In the above-described embodiment, the case where the present invention is applied to the write-once optical disc is described.

Further, in the above-mentioned embodiment, the disk is used in a single-plate type and used for one side, but it is of course possible to use them for both sides by opposing and bonding them in the same manner as in the configuration of FIG.

〔The invention's effect〕

As described above, according to the present invention, by setting the depth of the pre-groove to 20 to 30 nm, the reflectivity increases, and the focus servo gain and the tracking servo gain at the time of reproduction when using the three-beam method are used. And the load on the servo circuit can be reduced.

Further, since the amplitude of the HF signal increases, the S / N can be improved.

[Brief description of the drawings]

FIG. 1 is a partially enlarged perspective view of an optical disc showing an embodiment in which the present invention is applied to an optical disc having pits formed in a pre-groove portion. FIG. 2 is a perspective view showing the entire conventional optical disc and a partially enlarged sectional perspective view thereof. FIG. 3 is a partially enlarged cross-sectional perspective view showing another conventional optical disk having pits formed in a land portion.
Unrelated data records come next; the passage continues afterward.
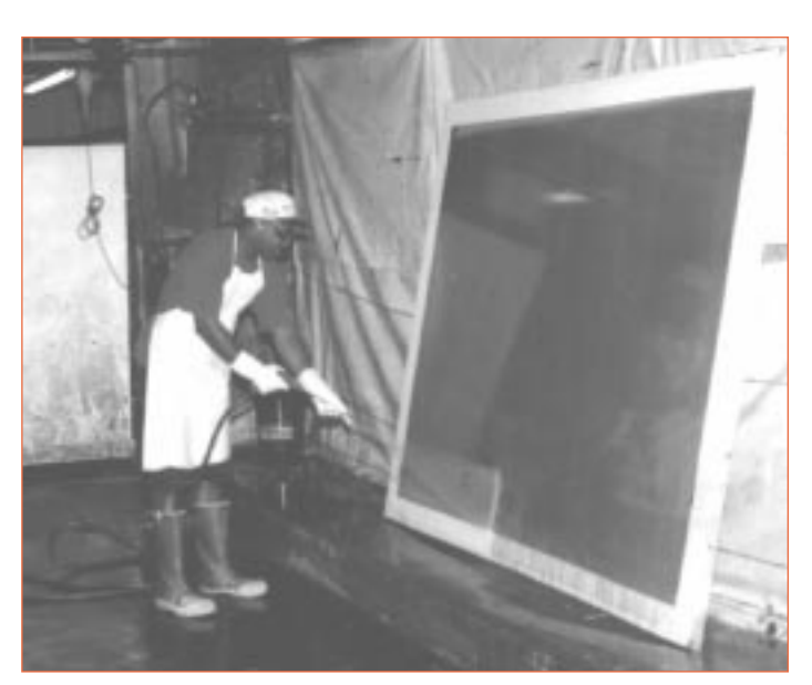
Screen reclamation with a high-pressure water system

One of the benefits of solvent reduction is that it almost always saves money. All told, Action Graphics' new system saves $9,400 a year in operating costs. Since the one-time capital cost for the system was only $13,300, it paid for itself in less than 16 months.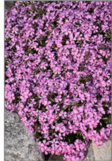
Eye Candy Creeping Phlox in bloom

Eye Candy Creeping Phlox is recommended for the following landscape applications;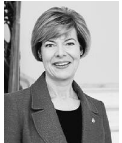
Senator Tammy Baldwin (D – WI), Politician, lawyer, and United States Senator since 2013

https://newhorizonsunlimited.wordpress.com/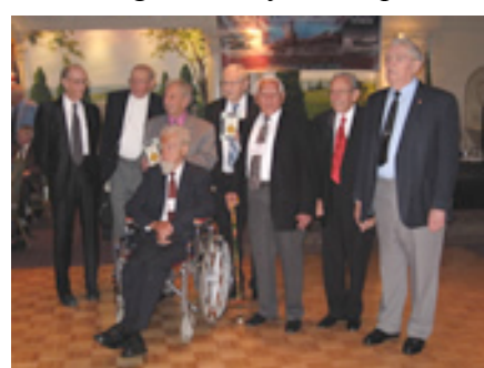
Suwannee plank holders are honored by banquet attendees.** (Page 4)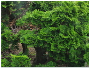
Chamaecyparis 'Nana Gracilis'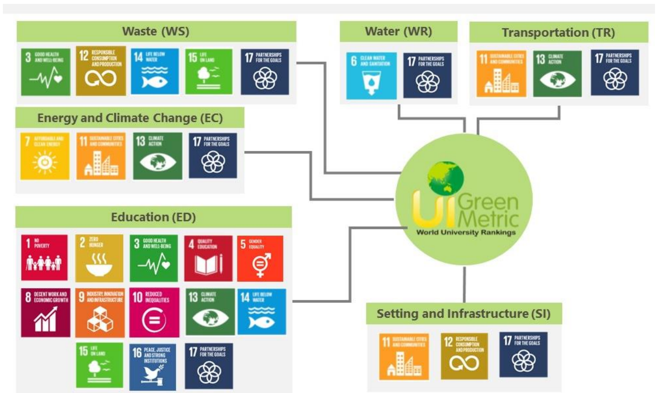
Figure 1. UI GreenMetric and SDGs

UN Environment’s challenge in the 2030 Agenda is to develop and enhance integrated approaches to sustainable development – approaches that will demonstrate how improving the health of the environment will bring social and economic benefits. Aiming at reducing environmental risks and increasing the resilience of societies and the environment, UN Environment action fosters the environmental dimension of sustainable development and leads to socio-economic development (UNEP, n.d.). These 17 aspects of SDGs are captured in the UI GreenMetric criteria and indicators.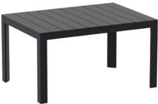
Siesta Atlantic table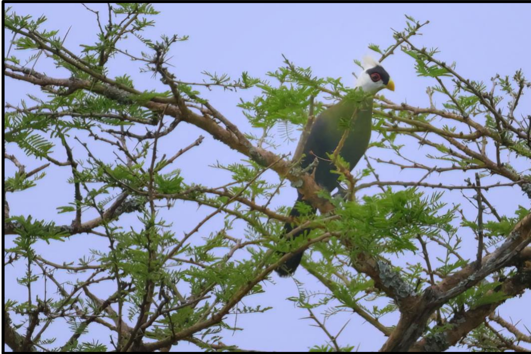
We were treated to multiple White-crested Turacos at Ziwa, truly spectacular birds!

Wood Hoopoe, Gabar Goshawk, African Grey Hornbill, Black Cuckooshrike, Northern Puffback, Black-headed Gonolek, Meyer's Parrot, Double-toothed and Spot-flanked Barbets, African Pygmy Kingfisher and the dashing White-crested Turaco . Leaving the reserve was also a difficult task, as there was good birding all along the entrance track. We were treated to brief views of a family of Abyssinian Ground Hornbills as we were driving towards the gate, while the village farmlands outside the gate delivered Black-winged Bishop, Crimson-rumped Waxbill, Beautiful Sunbird, Red-cheeked Cordon-bleu, White-headed Barbet and Blue-spotted Wood Dove .

FIG. 4 is a partially enlarged cross-sectional perspective view showing another embodiment in which the present invention is applied to an optical disk having pits formed on land portions. 5 to 8 are diagrams showing changes in various characteristics depending on the depth of the pregroove, respectively. 1,2 ... optical disk, 16,16 '... pre-groove, 17 ...
Land, 18 ... pit.

Claims (1)

(57) [Claims] 1. A tracking error detection method for an optical disk, wherein a pregroove having a depth of 20 to 30 nm is formed on an optical disk, and a tracking error is detected by a push-pull method during recording and a three-beam method during reproduction. Method.